В тетради я записывал:
«Коммаудория такая, что курсу трудно выдышать весь воздух, но все равно. Глаза мутнеют. Лицо наливается тяжестью. Мозги размягчаются. Облако тупости. Как будто под водой. Сдерживание зевков. Желание закрыть глаза. Лечь на руки щекой. Кулаком скрывать зевки. Имитировать внимание. Нет никаких развлечений, только смотреть на сокурсниц и размышлять — но мне не нравится никто, или с большими оговорками… Остается лектор». Лекцию по матлогике — «пару», два академических часа! — вел профессор непрофессорского вида. В рубашке без галстука и с ражей физией пивного алкоголика, к тому же явно непохмелившегося. Не виноват был он, конечно, что досталась фамилия Зиновьев. Тем более, что то была не настоящая фамилия председателя Петроградского Совета. Но и я был не виноват, что ненавидел псевдоним этот наследственно: за красный террор в моем городе, за создание «троек», за Гумилева, за 60 расстрелянных весной 1922-го по Таганцевскому делу — по нему проходил и дед мой, бывший прапорщик, отделавшийся в «Крестах» туберкулезом кожи, а до сидевший, верней, стоявший вплотную с другими офицерами в деревянном гробу без окна на Гороховой, 2. Где в это время восседал председатель петроградского ЧК Урицкий? Застреленный поэтом, которого в том же восемнадцатом казнили без суда и следствия. Имя для деда была свято, я тоже не забуду никогда. Канегиссер. Лёня Каннегиссер… Был на два года старше меня, а сел на велик и поехал мстить… Но что делать мне? Тому же псевдо-Зиновьеву Сталин отомстил. А Сталин Хрущев. А Хрущеву «коллективный разум»…

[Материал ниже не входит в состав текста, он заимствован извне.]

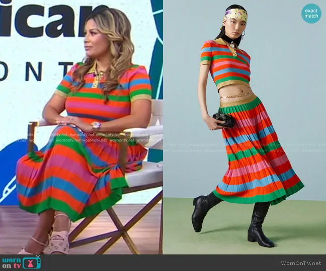 on Good Morning America on ABC was spotted wearing this multicolor striped polo and skirt on Good Morning America on Sep 20 2024's episode. 's Top is the Viscose Blend Striped Polo Top by Gucci . 's Skirt is the Viscose Blend Striped Skirt by Gucci.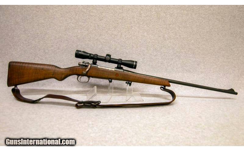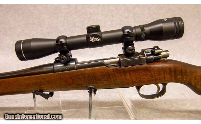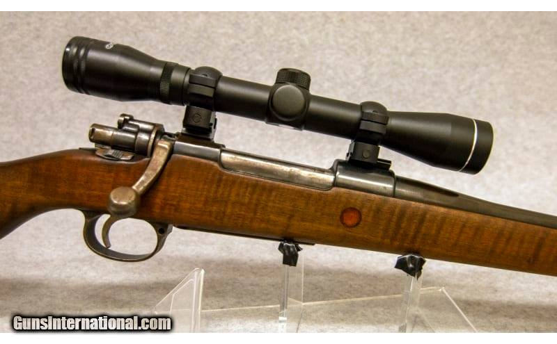Description: We aren't sure where this Mauser rifle originally comes from as the scope mount covers the receiver marking. Best guess would be that this was a Spanish Mauser chambered in 7X57 mm Mauser but has now been rebarreled for .243 Winchester. The metal butt plate appears to be original as well as the stock though this has been cut down. The bolt handle has been turned down and shaved. A new safety has been added behind the bolt handle as well. Bore is shiny and clean and there is a JP Sauer marking on the bottom of it, but the stock is covering the rest. A Tasco scope has been mounted. Despite all that has been done to it , this is still a good first hunting rifle for anyone wanting to get into shooting. .243 Winchester SOLD Chambers: .243 Win Metal Condition: Good Wood Condition: Very Good Bore Condition: Excellent Barrels: 24' Stock Dimensions: 13' Butt Pad: Metal Sights: Tasco Scope Item Location: Fort Mill, SC |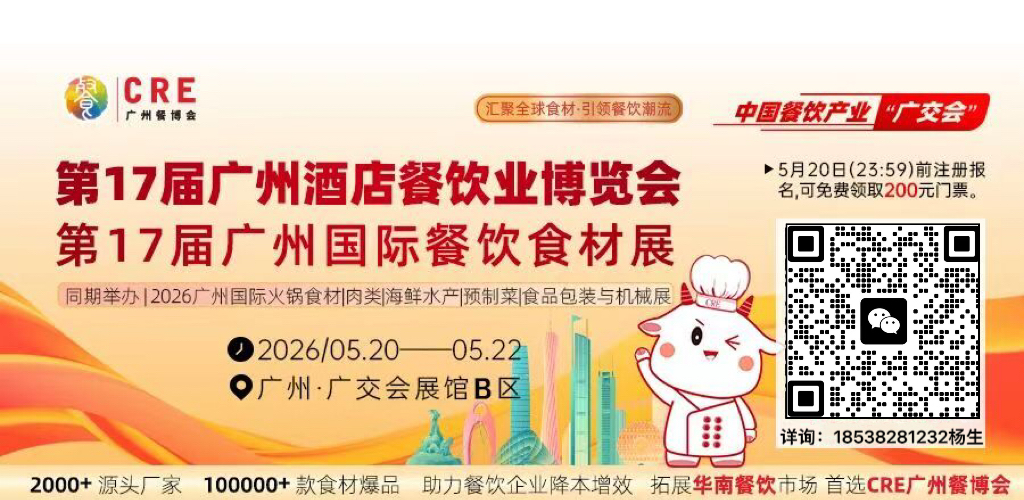 2026年5月20-22日,广州·广交会展馆B区,CRE广州餐博会与您相约,共探餐饮行业新蓝海,共赢华南市场新未来!
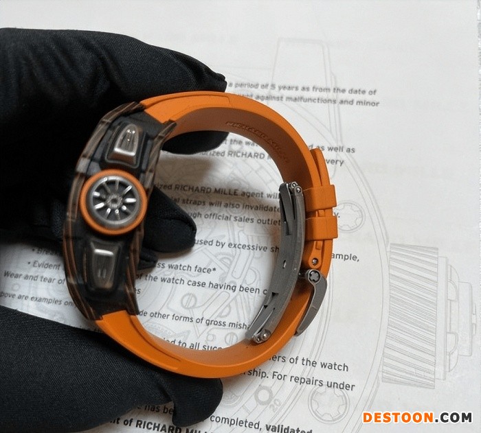 接下里的重点会放在我擅长的手表介绍上,这篇文章不添加任何个人评价色彩,只是简单客观的介绍。依旧保留着无比舒适的弧形设计,但是理查德米勒在这款手表上还是花了不少心思,其中包括与迈凯伦720S和钛镶嵌件的独特前灯设计相呼应的钛制计时按钮让人联想到迈凯轮F1的进气通气管,还有表冠,形状像一个迈凯轮轻量级车轮和橙色橡胶轮胎。不用说,这款手表会给手腕留下非常深刻的印象——49,94毫米x44,50毫米x16毫米x16毫米表壳以及明亮的橙色点缀。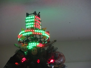 That's our new Christmas tree topper. It's wifi compatible and based on an Arduino Yun.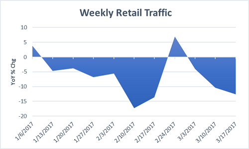 The main issue is that fewer people are physically shopping. In the week ending March 18, North American retail traffic fell 12.6%, consistent with the pattern most of the year.
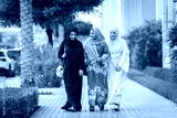 Arabic women wearing traditional abaya dress meeting and having fun in Dubai - Happy beautiful muslim females bonding outdoors in the city
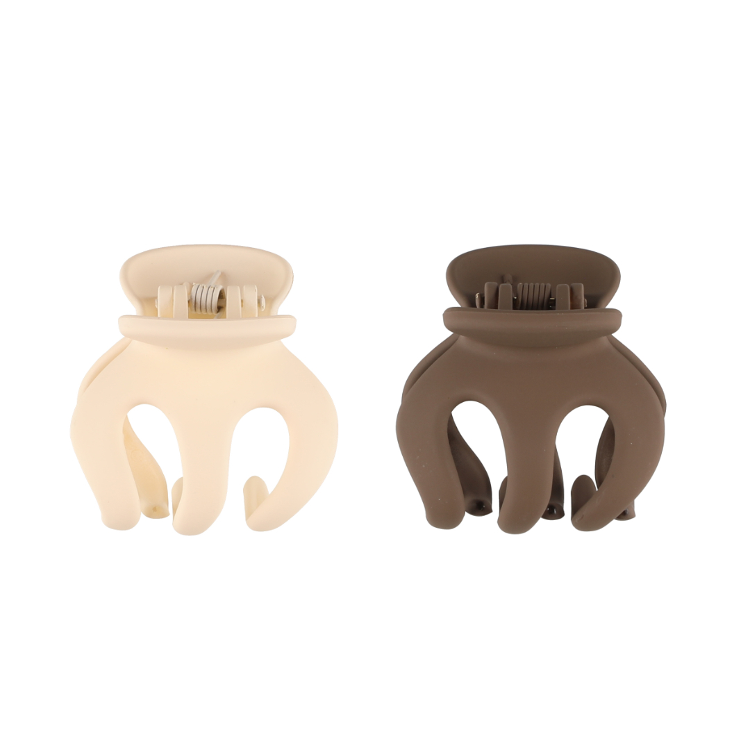 Sett med to hårklyper – én i cream og én i taupe. Praktiske klyper for rask oppsett av håret. Leveres på hangtag.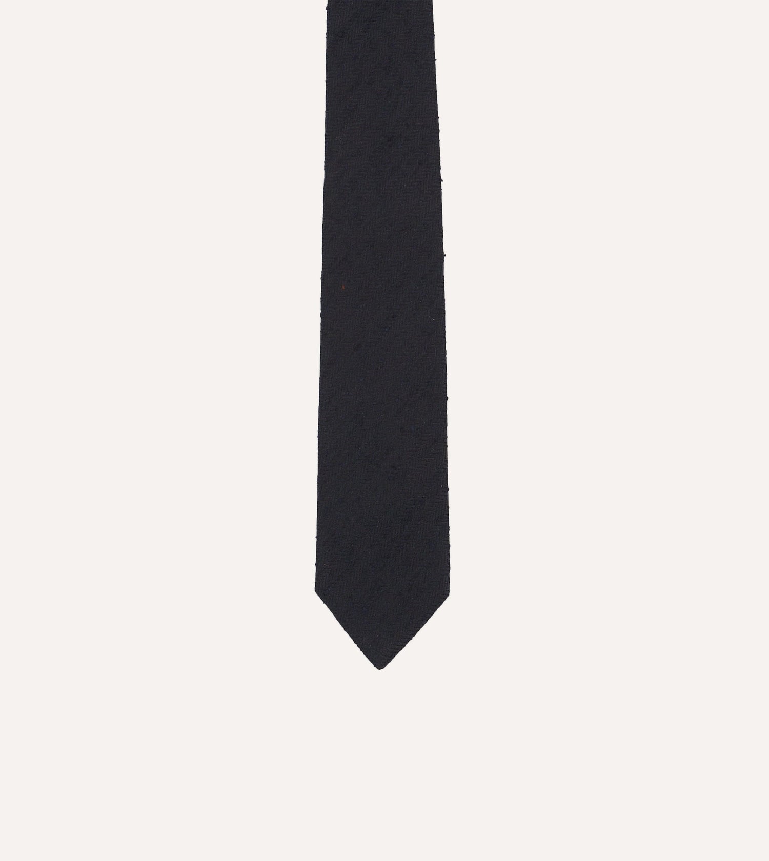 An elegant necktie, handmade in London from Shantung silk, known for its natural slub texture and unique handle.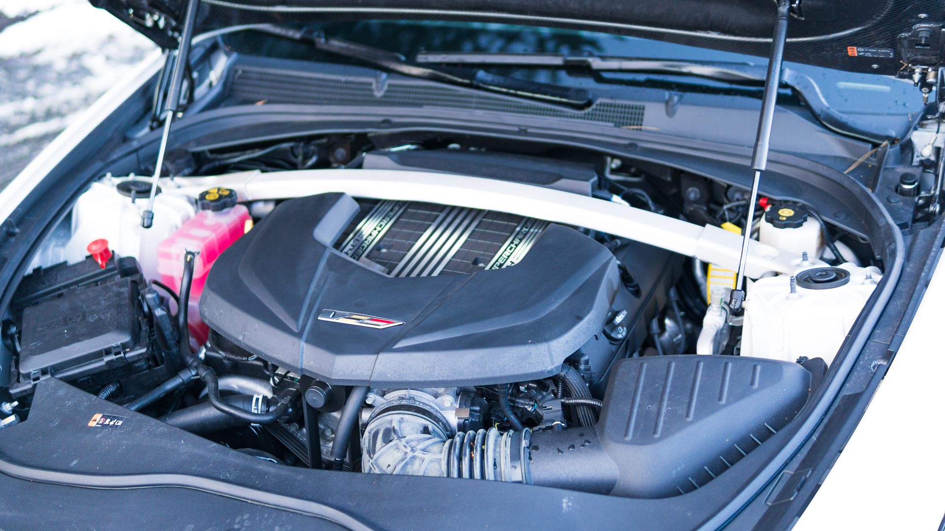 Was nicht heißt, dass dieses Auto in irgendeiner Form tatsächlich „normal“ ist. Unter der Carbonhaube (Detail!) schlummert die Technik der Corvette Z06. Was in Zahlen ausgedrückt folgendes heißt: 659 PS. 881 Newtonmeter. Voll auf die Hinterachse, eh klar. Doch die Amerikaner sind nicht mehr ganz so hart drauf wie zu Zeiten des ersten CTS-V (hier bei uns im Test). Sie bieten diesen Motor ausschließlich gekoppelt an eine Achtgangautomatik an. Anders als bei der Corvette.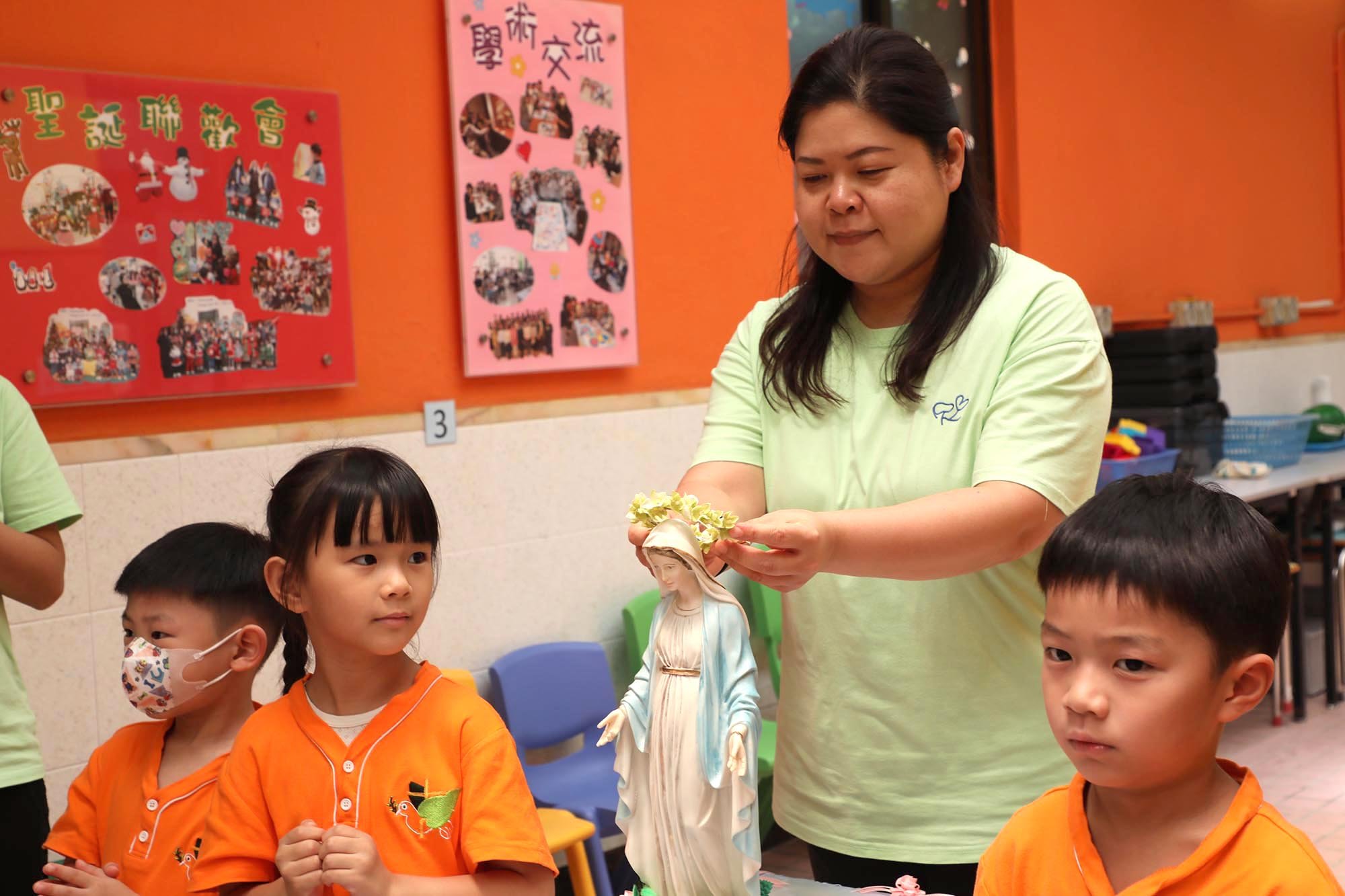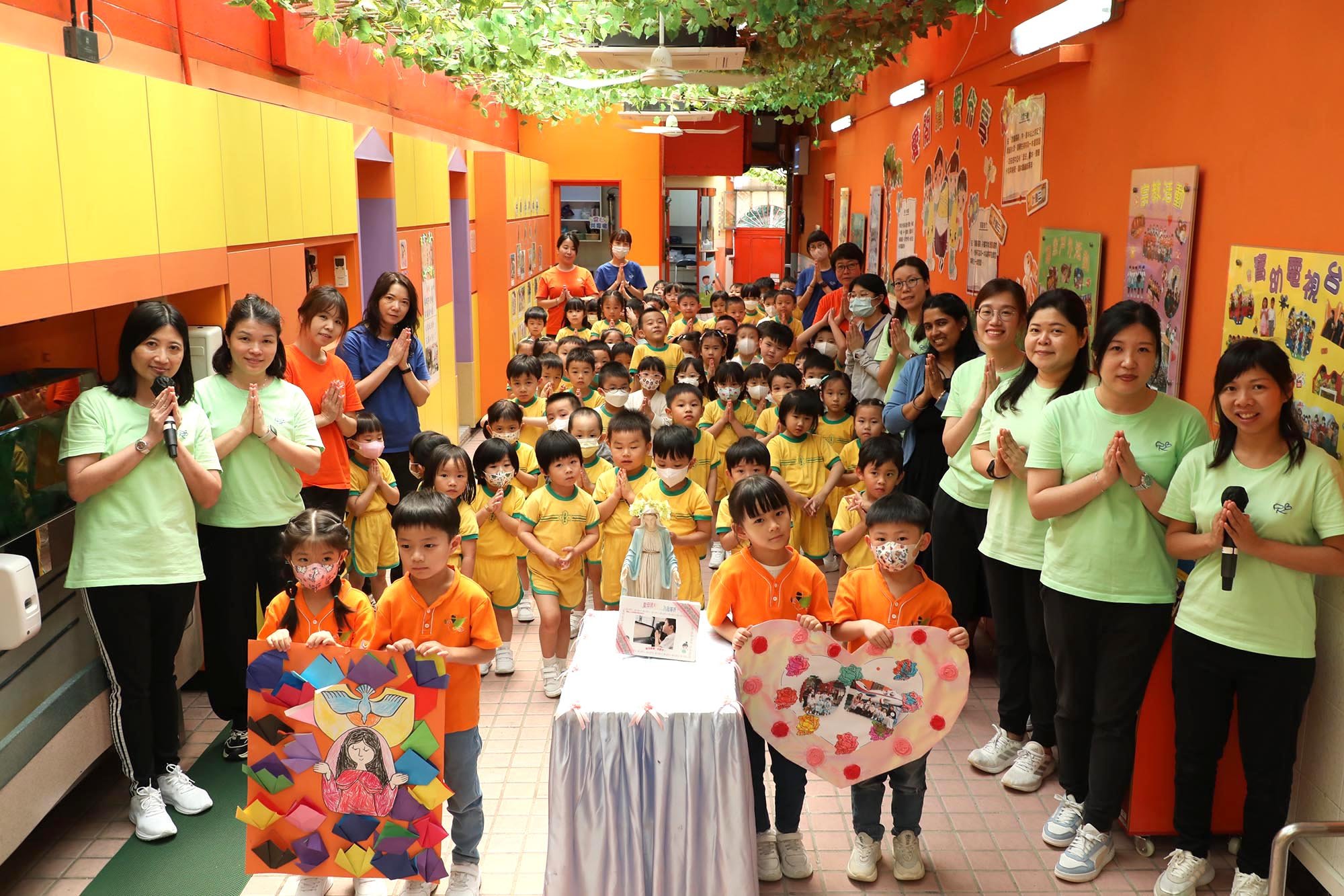 5월 29일(수), 우리 학교는 성모의 달을 맞아 특별 활동인 성모 퍼레이드를 준비했습니다. 간 수녀와 교사, 그리스도의 작은 아이들 대표들이 성모상을 호위하며 학교를 돌았고, 모든 교사와 학생들이 성모님의 차를 따라가는 장관을 연출했습니다. 행진하는 동안 어린이들의 소원을 위해 기도하고 '파티마의 성모', '성모님은 마음속 아이를 사랑하시네', '중국의 성모님'을 부르며 성모님께 감사와 찬양을 보냈습니다. 퍼레이드가 끝난 후 각 반의 대표들이 꽃을 선물하고 어린이들은 성모님께 사랑과 헌신을 표현하기 위해 하트와 입맞춤을 했습니다.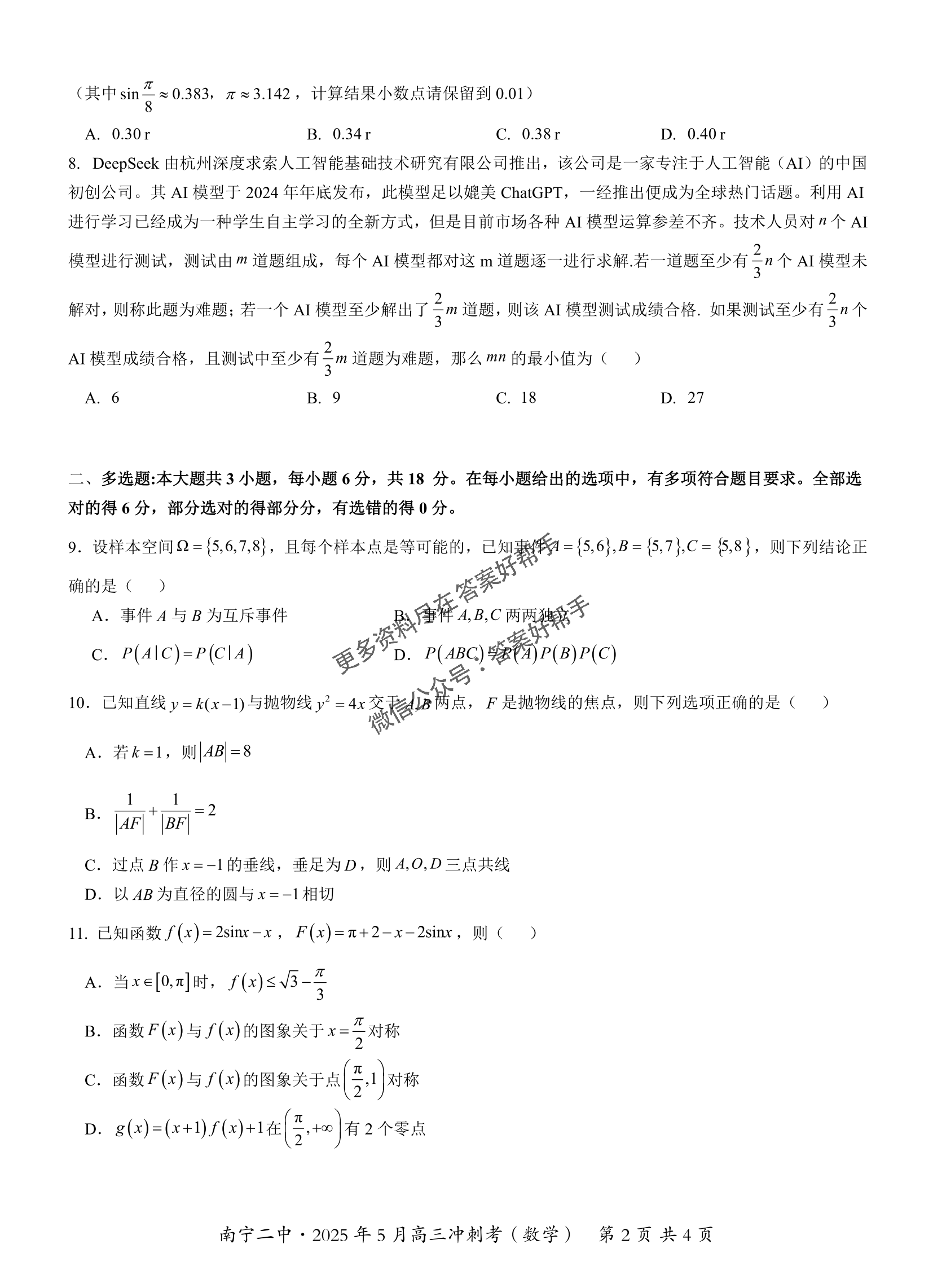 “莫等闲,白了少年头,空悲切!”—— 岳飞 青春稍纵即逝,别在该奋斗的年纪虚度。今日拼搏,是未来的底气;珍惜时光,才能书写无悔青春。向大家分享广西省南宁二中2025届高三5月冲刺考 数学试卷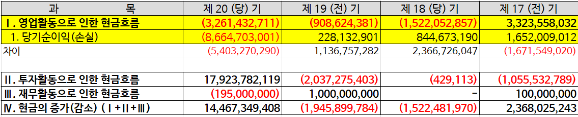 영업활동현금흐름을 보면 회사가 영 상태가 좋지 않음을 단번에 알 수 있습니다.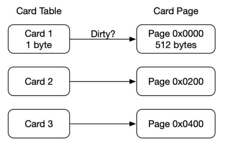 一个卡页中可包含多个对象,只要有一个对象的字段存在跨代指针,其对应的卡表的元素标识就变成1,表示该元素变脏,否则为0.

В перерыве на черной лестнице я подпирал стену с латинским текстом из «Метаморфоз». Все торопились накуриться, глаза слезились. Покинув поэтессу Седакову, похожую на портрет Ахматовой работы Модильяни, ко мне протолкнулся хромой сокурсник с папиросой — лицо иконописное и, кстати, из Владимира:
— Позвольте прикурить. Я сощелкнул пепел и подставил. Журавлев был в возрасте, за сутулой спиной имел, подобно моему злому гению Цыппо, темное прошлое — но только в официальном смысле. Успел поучиться в разных вузах, откуда был неизменно исключаем, по слухам — за «гражданское мужество». Армия не грозила, просто снова поступал.